[TRY IT] Once the line holding "Qui sotto le" is found in the listing below, write it out and each later line exactly, up to and including the one holding "西班牙3战全胜9分领跑,土耳".

[PROVIDED INFORMATION]
========

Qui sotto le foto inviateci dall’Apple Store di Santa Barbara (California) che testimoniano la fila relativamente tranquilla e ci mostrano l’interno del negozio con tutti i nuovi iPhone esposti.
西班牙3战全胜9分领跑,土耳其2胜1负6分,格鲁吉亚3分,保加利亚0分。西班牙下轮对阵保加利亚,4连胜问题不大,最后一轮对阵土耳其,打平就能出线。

========

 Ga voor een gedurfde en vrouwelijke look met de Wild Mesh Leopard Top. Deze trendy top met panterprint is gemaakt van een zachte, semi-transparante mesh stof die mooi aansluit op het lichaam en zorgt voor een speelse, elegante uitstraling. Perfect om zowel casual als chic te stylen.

========

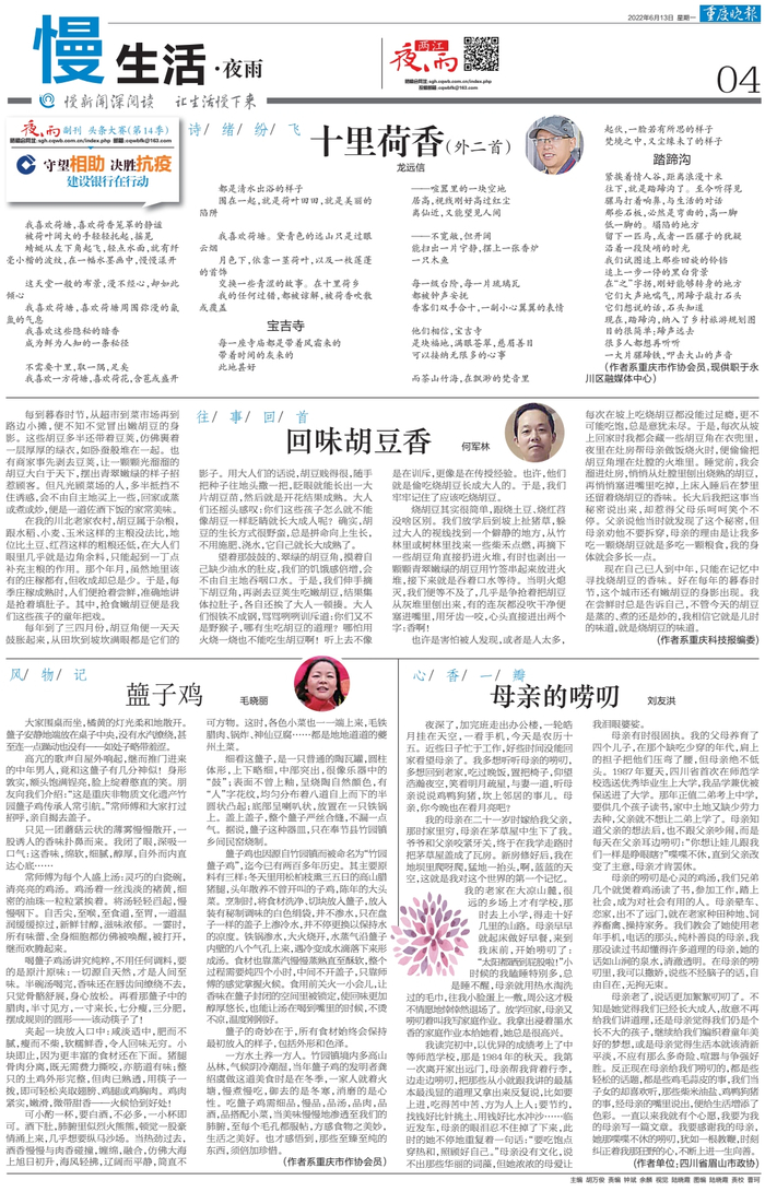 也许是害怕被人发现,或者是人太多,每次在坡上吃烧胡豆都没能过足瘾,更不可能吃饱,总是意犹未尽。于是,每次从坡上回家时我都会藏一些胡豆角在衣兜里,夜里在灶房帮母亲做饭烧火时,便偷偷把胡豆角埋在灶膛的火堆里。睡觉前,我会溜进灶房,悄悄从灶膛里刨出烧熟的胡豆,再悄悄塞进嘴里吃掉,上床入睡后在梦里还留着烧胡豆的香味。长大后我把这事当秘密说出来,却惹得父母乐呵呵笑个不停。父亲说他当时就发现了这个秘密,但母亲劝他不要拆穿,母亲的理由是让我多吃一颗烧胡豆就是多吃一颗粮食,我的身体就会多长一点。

========

[SOLVED EXERCISE]
Qui sotto le foto inviateci dall’Apple Store di Santa Barbara (California) che testimoniano la fila relativamente tranquilla e ci mostrano l’interno del negozio con tutti i nuovi iPhone esposti.
西班牙3战全胜9分领跑,土耳其2胜1负6分,格鲁吉亚3分,保加利亚0分。西班牙下轮对阵保加利亚,4连胜问题不大,最后一轮对阵土耳其,打平就能出线。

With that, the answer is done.